Jika 4 kali WTP dalam masa 4 tahun berlanjut hingga 5 kali diakhir masa jabatan Gubernur Sugianto Sabran, maknanya gubernur Kalteng beserta segenap aparatur pemerintahan di daerah telah menunjukkan komitmen dan kesetiannya mempertahankan akuntabilitas pertanggungjawaban keuangan negara di daerah.
Sugianto Sabran memperoleh penghargaan Anugrah Kerukunan Umat Beragama (Harmony Award) dari Menteri Agama RI, Penghargaan Kesetiakawanan Sosial dari Menteri Sosial RI, dan penghargaan khusus berupa Anugerah Pandu Negeri dari Indonesian Institute for Public Governance (IIPG), karena dianggap sebagai pemerintah daerah dengan kinerja dan tata kelola yang baik.
“Jujur Kunci Sukses”
Meninggikan derajat manusia se-ranting dan mendahulukannya se-langkah dibanding manusia yang lainnya, sesuatu yang mudah bagi Allah.
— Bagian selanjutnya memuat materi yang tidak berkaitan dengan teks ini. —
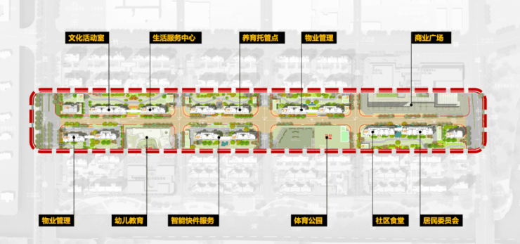 一轴:幼儿园、体育公园、快递驿站、文化活动空间等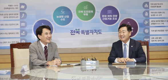 전북자치도에 따르면 김관영 전북지사와 김진태 강원지사는 11일 전북자치도청 회의실에서 ‘상생협력 협약식’을 갖고 ‘특별자치도 성공 실현을 위한 자치분권 확보’ 등을 주요 내용으로 공동 합의문을 채택했다.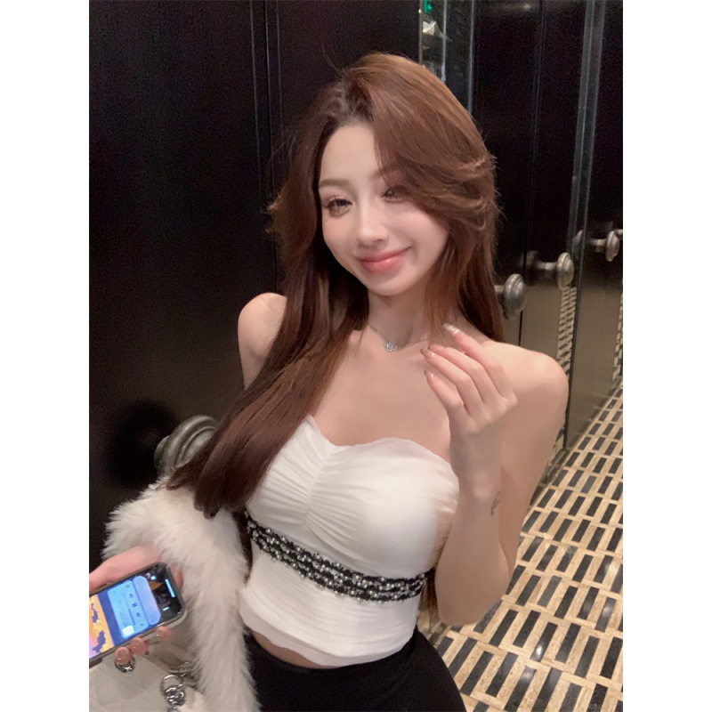 法式纯欲撞色织带抹胸性感修身磨毛内搭上衣女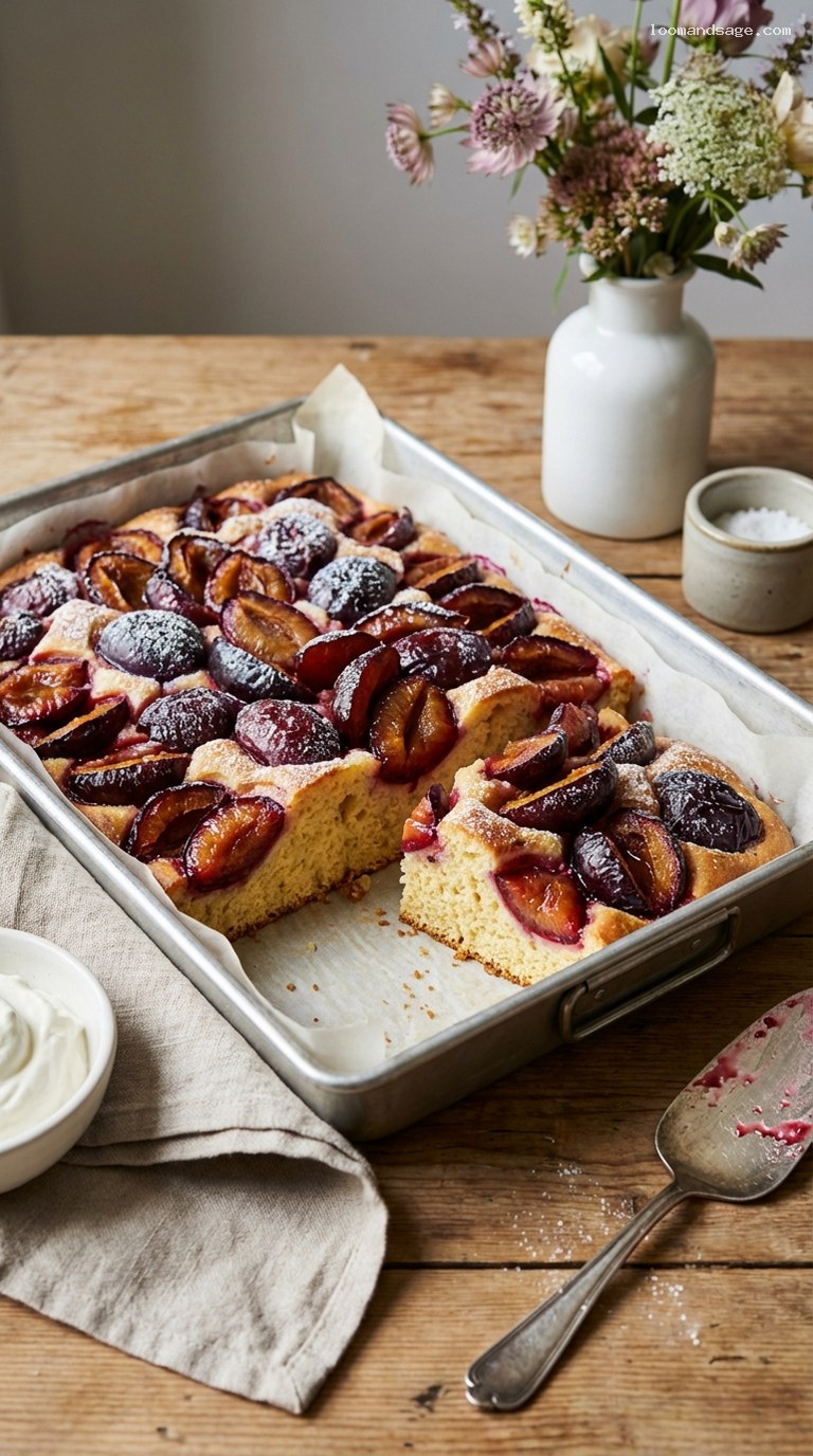 - Cake-style plum kuchen: Instead of yeast dough, use a simple butter cake batter. Cream 1/2 cup (115 g) butter with 3/4 cup (150 g) sugar, beat in 2 eggs and 1 tsp vanilla, then mix in 1 1/2 cups (195 g) flour, 1 1/2 tsp baking powder, 1/4 tsp salt, and 1/2 cup (120 ml) milk. Spread in the pan, top with plums as directed, and bake 30–35 minutes.

Pernyataan ini layak disematkan kepada sosok H. Sugianto Sabran.
Siapa sangka, putra dari pasangan H Sabran Afandie Achmad dan Hj Hayanah yang dulunya penjual es lilin keliling ini bisa menjadi orang nomor satu di Provinsi Kalimantan Tengah. Saat ini, ia sudah menjabat di penghujung periode pertama.
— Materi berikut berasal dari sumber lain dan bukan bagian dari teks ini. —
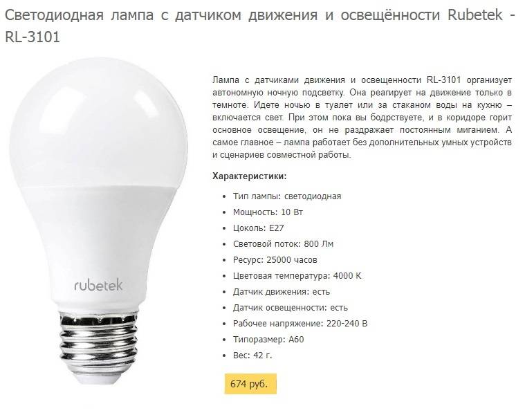 À propos de Pavel n'a pas entendu parler de la lampe LED ayant des capteurs de mouvement, l'éclairage? Et il y en a. Par exemple, Rubetek-RL-3101. Le principal avantage est qu'il ne brille pas lorsque l'éclairage principal du couloir ou suffisamment de lumière naturelle fonctionne. Comme il faisait noir, il commence à s'allumer, réagissant à celui qui passe. Ci-joint une capture d'écran avec les caractéristiques.
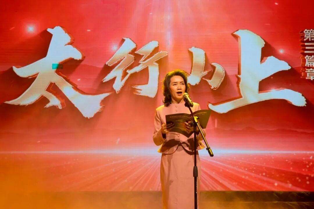 第三篇章“太行山上”由党委宣传部部长崔红讲述。这一篇章通过丰富多彩的艺术表现,生动再现了太行山区军民团结一心、共同抗日的感人故事。演出既表现了战士们的英勇无畏,也展现了人民群众的无私奉献,颂扬了太行儿女的英雄气概和革命精神。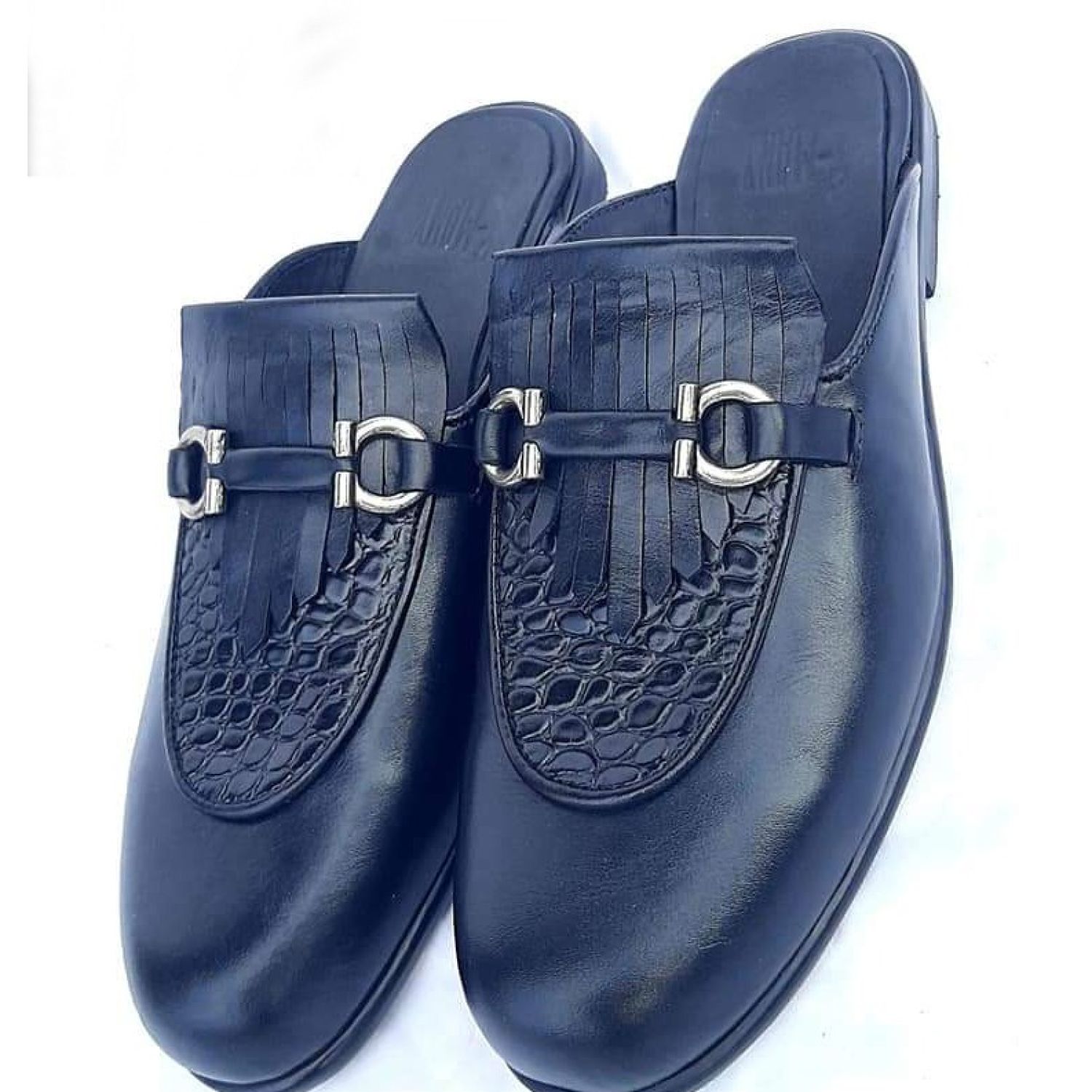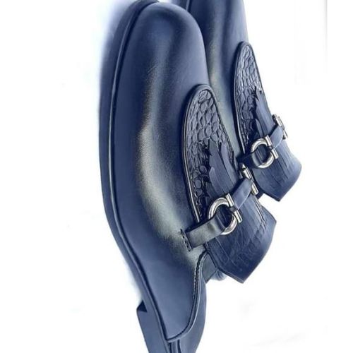 Open men's shoe in black leather.

“Saya mempunyai 8 orang saudara, 4 lelaki dan 4 perempuan. Saya sejak kecil sudah berjualan kue, seperti kue gegatas. Pukul 01.00WIB sudah harus membuat kue untuk dijual besok paginya, kemudian saya Shalat Subuh dan ke Sekolah, dilanjutkan berjualan es lilin setelah pulang sekolah,” kata Sugianto ketika memotivasi para pelajar dan mahasiswa di Kota Palangka Raya, baru-baru ini.
Beberapa tahun menjalani kerasnya kehidupan tersebut membentuk karakter suami dari Ivo ini sebagai pekerja keras dan pantang menyerah. Dia juga taat berdoa dan suka membantu semua orang.
“Keluar dari kemiskinan itu kuncinya hanya satu, yaitu kerja keras namun tentu diiringi dengan doa,” tegasnya diamini para pelajar dan mahasiswa.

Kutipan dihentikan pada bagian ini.